Dates: Thursday 5th May – 22nd May
Location: Digital Studio, The University of Melbourne

All elements speak their own language: video art from Hong Kong, 1980-1989 assembles select video art and performance art footage from 1980s Hong Kong by pioneering artists May Fung, Choi Yan Chi and Ellen Pau. The exhibition considers the way in which artists during this period engaged with the body as an interface for environments, objects and technology.

Fung, Choi and Pau were part of a generation of Hong Kong artists who, from the early 1980s, began to work at the intersection of performance, video art, and installation art.

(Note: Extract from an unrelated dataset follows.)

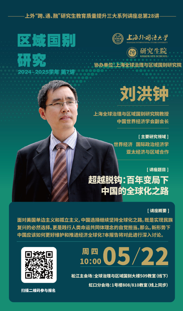5月22日(周四)上午10:00-11:30,上海外国语大学上海全球治理与区域国别研究院博士生导师、志远领军学者、教育部新世纪优秀人才刘洪钟教授将为大家带来“区域国别研究”2024-2025学年第7讲《超越脱钩:百年变局下中国的全球化之路》。

Cross-disciplinary collaborations in the context of the stage produced a new sensitivity to elements of time, space and movement, as artists began to utilise these elements in order to generate productive encounters between body, space and object as well as to spatialise the art object into an expanded field.

All elements speak their own language offers insight into an expanded definition of environments that arose during the 1980s in Hong Kong, as artists, theatre makers and dancers worked to redefine the role of space and the performative body in relation to the stage, the artwork and the audience. Created at the close of the 1980s, these works also bear witness to the penetration of anxiety into the Hong Kong psyche, as the Tiananmen Square Massacre of June 4 1989 clarified the full implications of the scheduled return of Hong Kong’s sovereignty to China in 1997.